→ **Problem details**
Once you find the line containing "boy kite fliers." in the data below, copy it and each following line exactly, up to and including the line containing "浅紫色の絽の名古屋帯です。お仕立て上がりの新品です。", and nothing else.

Material shown: Begin

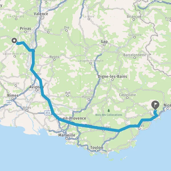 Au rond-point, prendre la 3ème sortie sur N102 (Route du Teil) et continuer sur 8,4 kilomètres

Material shown: End
Material shown: Begin

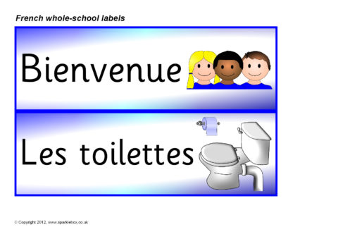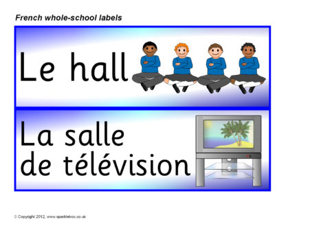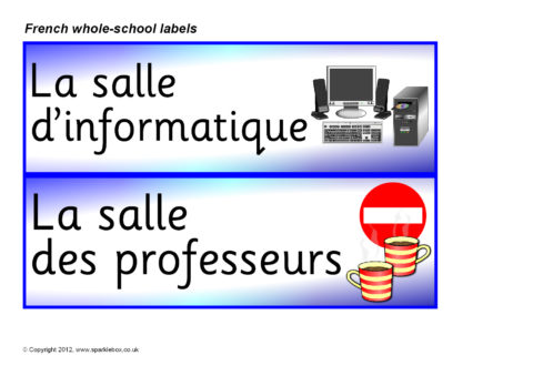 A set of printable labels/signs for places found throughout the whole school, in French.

Material shown: End
Material shown: Begin

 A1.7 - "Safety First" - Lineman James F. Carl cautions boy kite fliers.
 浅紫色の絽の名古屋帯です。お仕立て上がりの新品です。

Material shown: End

→ **Task result**
 A1.7 - "Safety First" - Lineman James F. Carl cautions boy kite fliers.
 浅紫色の絽の名古屋帯です。お仕立て上がりの新品です。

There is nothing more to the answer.